In the study submitted to the FDA for approval, J&J did not include pain relief as a measure of the disc’s success and the product’s ability to restore natural motion was also not listed as a definition of success. And apparently for good reason, because the disc does not live up to its promise of relief.
One Charite victim states: “I have retained my range of motion that is evidently so important.”
“However,” he says, “I am still experiencing the same, if not worse pain than prior to the surgery.”
“I have no idea what is wrong with the implant,” he notes, “if it has moved, broken or was just part of a bigger undiagnosed problem.”
He hesitates to investigate, he says, because his hospital experience was “so horrid.”
“So if a surgical remedy is needed to fix whatever is wrong,” he states, “I’m not going for it again.”
In conclusion, the patient says he would not recommend this procedure to anyone.
The same sentiments are shared by many Charite patients. To date, out of the 5,000 patients implanted with the disc, the Houston, Texas Pulaski and Middleman law firm leads a group of firms that represent over 350 patients who have been injured and allege that the Charite disc is defective and that the company failed to adequately warn patients about the potential risks associated with the disc.
In addition, according the Street.com on June 5, 2006, a Chicago law firm has more than 200 clients who have suffered complications from the disc and are seeking reparations from DePuy.
Dr Charles Rosen, founding director of the University of California-Irvine Spine Center, is an outspoken critic of the Charite disc. On June 5, 2006, he told the Street.com, that after much prodding, he finally got the FDA to send him 67 reports on adverse events involving the Charite disc and that he found the information incomplete and worrisome.

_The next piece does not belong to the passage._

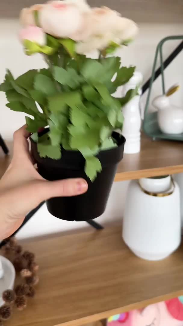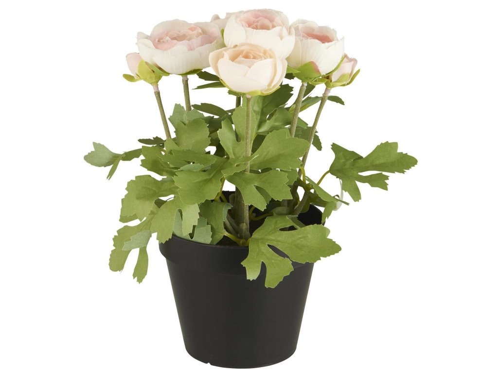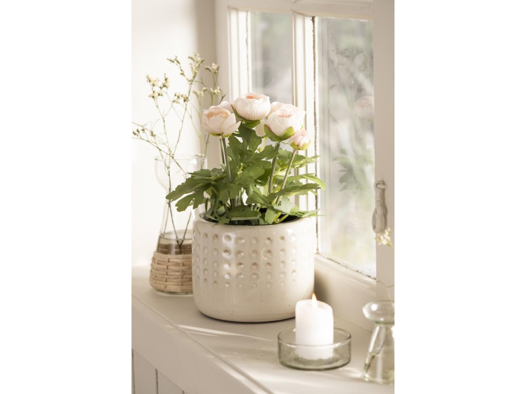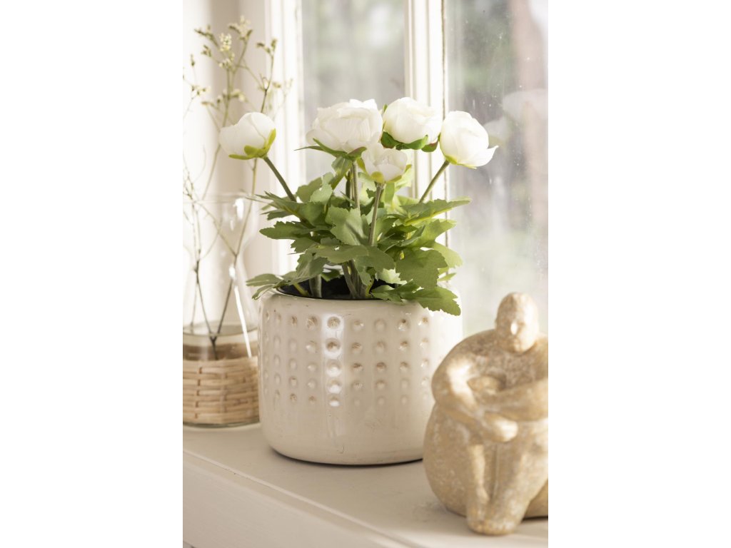 Bílý umělý pryskyřník v květináči RANUNCULUS

Some “71% of reports were generated by ‘company representatives’ only, [and] not one report to the FDA concluded any device malfunctioned or was defective – including the 11 cases where the device intrinsically malfunctioned with the plastic dissociating from the metal plate,” Dr Rosen told the Street.com.

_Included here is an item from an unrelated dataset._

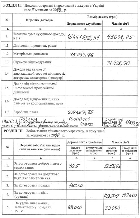 16 мільйонів гривень представник президента отримав у позику.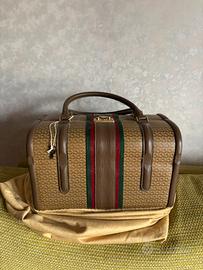 Elegante bauletto vintage firmato Principe, chiaramente ispirato al design classico italiano anni '80/'90. Realizzato in tela monogrammata con l'iconica banda centrale verde e rossa.

Also, he said, “it is striking that only 15% of retrieved specimens [Charite disc] were sent to the manufacturer for analysis.”

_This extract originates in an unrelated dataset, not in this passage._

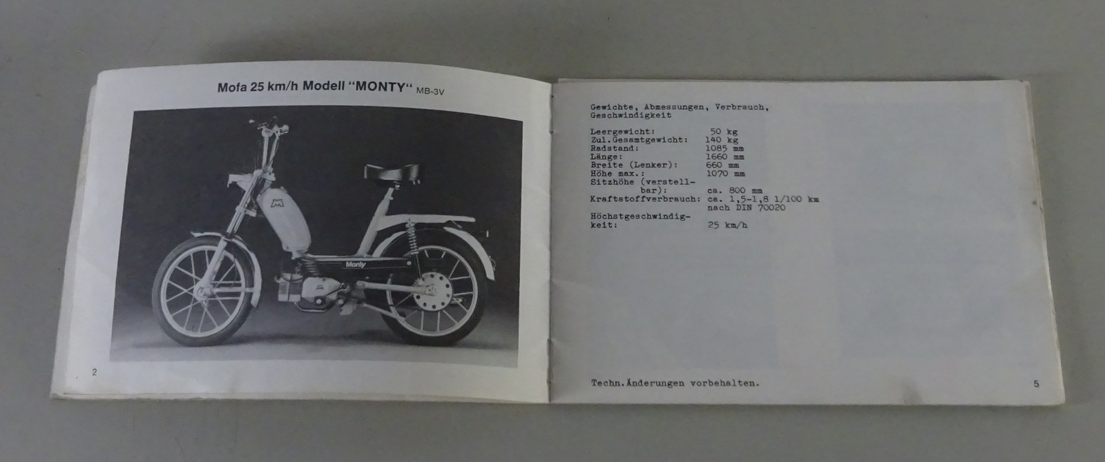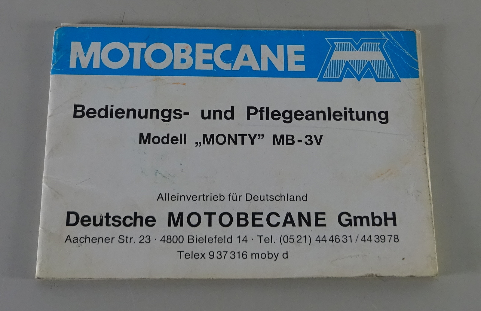 Betriebsanleitung / Handbuch Motobecane Mofa Monty MB - 3V Stand 05/1977

“It is accepted widely,” he says, “and with little question – that retrieval and analysis of any implant is critical for both evaluation and research.”
But the legal troubles of J&J and DePuy are by far not limited to the Charite disc or civil court arena. They now have the US Department of Justice to contend with.
In June 2006, DePuy was served up with a subpoena by the Antitrust Division of the DOJ, requesting documents related to the manufacture and sale of the company’s orthopaedic devices. The DOJ even had search warrants executed in connection with the investigation, according to documents filed by J&J with the SEC on August 8, 2006.
The Wall Street Journal, reports that a spokeswoman at the DOJ has said that they are looking into “anticompetitive practices in the implant-device industry.”
On September 11, 2006, Dow Jones reported that the subpoenas sought several years’ worth of documents regarding possible federal criminal and antitrust-law violations.
The antitrust probe is one of two known DOJ investigations, and Dow Jones notes that “an earlier investigation regarding doctor-company relationships is still an open question.”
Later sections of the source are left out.